# WSPD

a) One by definition of the WSPD.

b) Depends on decomposition/points chosen. In general it can be $$1$$ to $$n-1$$.

For lower bound, we can make a WSPD of a point that has all pair of points as singleton sets. In our example this WSPD would look like {{a}{b}} {{a}{c}} {{b}{c}}. This is always a valid WSPD for any pointset/s and we have that all pairs appear in the union of some subset-pair once.

In terms of a lower bound, consider a WSPD of the form {{a}, {b}}, {{a,b}, {c}} {{a,b}, {d}}, etc. We assume here that this is valid, i.e. all points lie further than sr from the {a,b} circle (which is clearly s * dist(a,b)). In this case a,b appear in n-1 of the unions.

c) Given $$s\geq 2$$ $$|A|=|B|=1$$. Proof is simple and given in lectures. Basically, if p and q are the closest points and $$s\geq 2$$ then any point within either of their WSP-sets would have to be closer, a contradiction.

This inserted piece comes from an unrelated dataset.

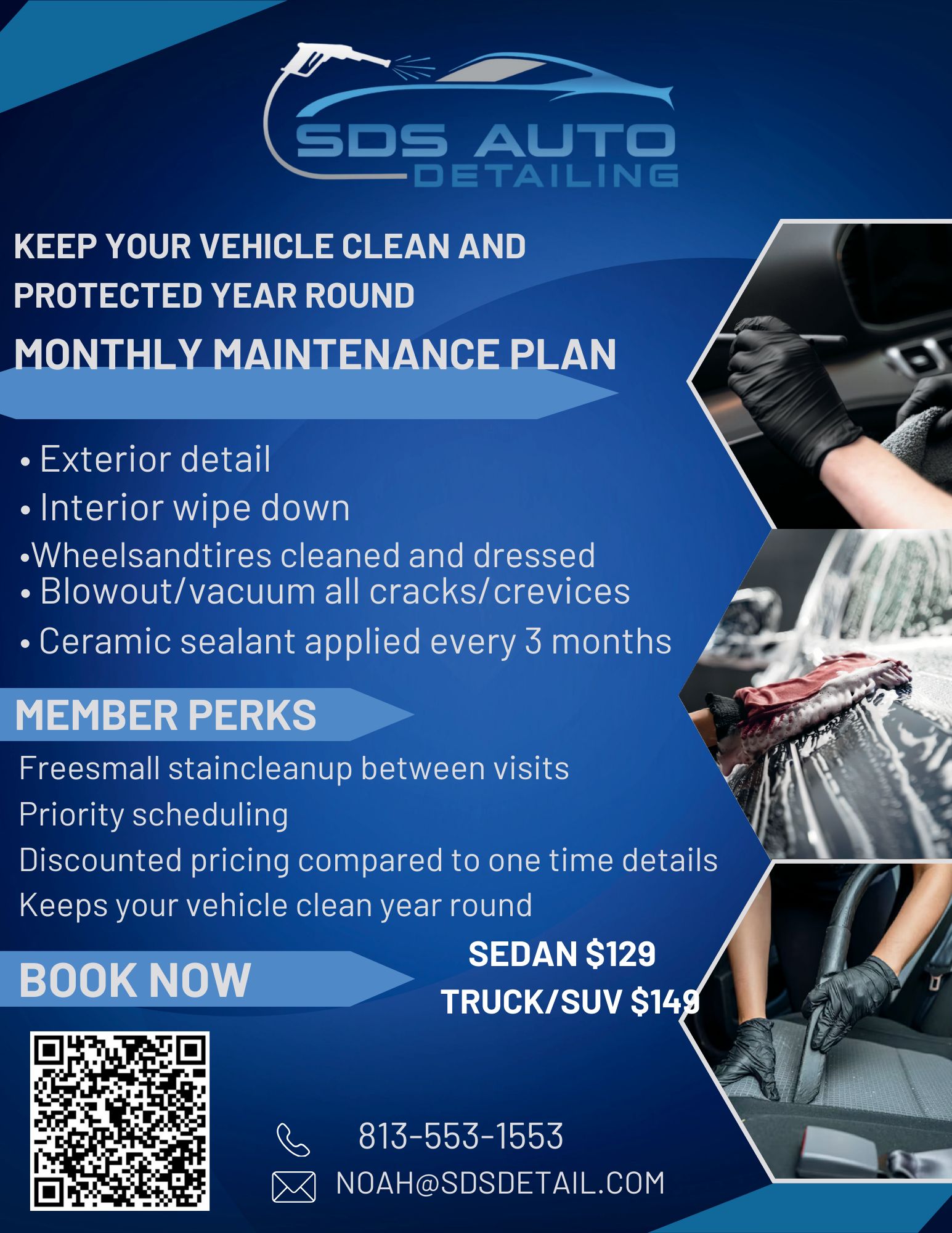 No more dropping your car off or waiting at a shop. SDS Auto Detailing brings full-service mobile detailing directly to your driveway across the Southshore area. From deep interior cleaning to exterior hand washing, waxing, and ceramic coatings, every vehicle receives showroom-quality care with attention you can see and feel.

d) $$|A|=1$$ from above, $$|B| \in[1,n-1]_\mathbb{N}$$. Lower bound when p,q are the closest two points, upper bound when we have {{a}{b,c,...}}.

# H-Distance

## Algorithm and Runtime

Below we indicate how to calculate $$H(B,A)$$.

• V $$\leftarrow$$ a Voronoi diagram of A: $$O(n\log n)$$
• D $$\leftarrow$$ trapezoidal point-decomp on V. Voronoi diagrams have $$O(n)$$ edges, .:. this step has expected $$O(n\log n)$$ run-time.
• $$H_{B,A}$$ $$\leftarrow$$ 0
• $$\forall$$ b $$\in$$ B: $$O(n)$$
• a $$\leftarrow$$ The point corresponding to the Voronoi cell in which b resides, found using D:$$O(\log n)$$
• d $$\leftarrow$$ dist(a,b)
• $$H_{B,A}$$ $$\leftarrow$$ $$\max\left\{H_{B,A},d\right\}$$ : $$O(1)$$.

Our overall run-time is expected $$O(n\log n)$$. We can repeat the exact same steps exchanging A for B to calculate H(A,B) in $$O(n\log n)$$ expected. We then simply return the larger of the two.

## Correctedness

For all b, we find the cell in the Voronoi diagram in which it resides and the point a corresponding to this point. From the definition of the Voronoi diagram, the distance between these points is $$d(b,A)$$. We do so for all $$b$$ and return the maximum, i.e. $$\max_{b\in B} d(b,A) =: H(B,A))$$.

We repeat this for $$H(A,B)$$ and return the maximum, i.e. $$\max \left\{H(A,B), H(B,A) \right\} =: D(A,B) \ \square$$.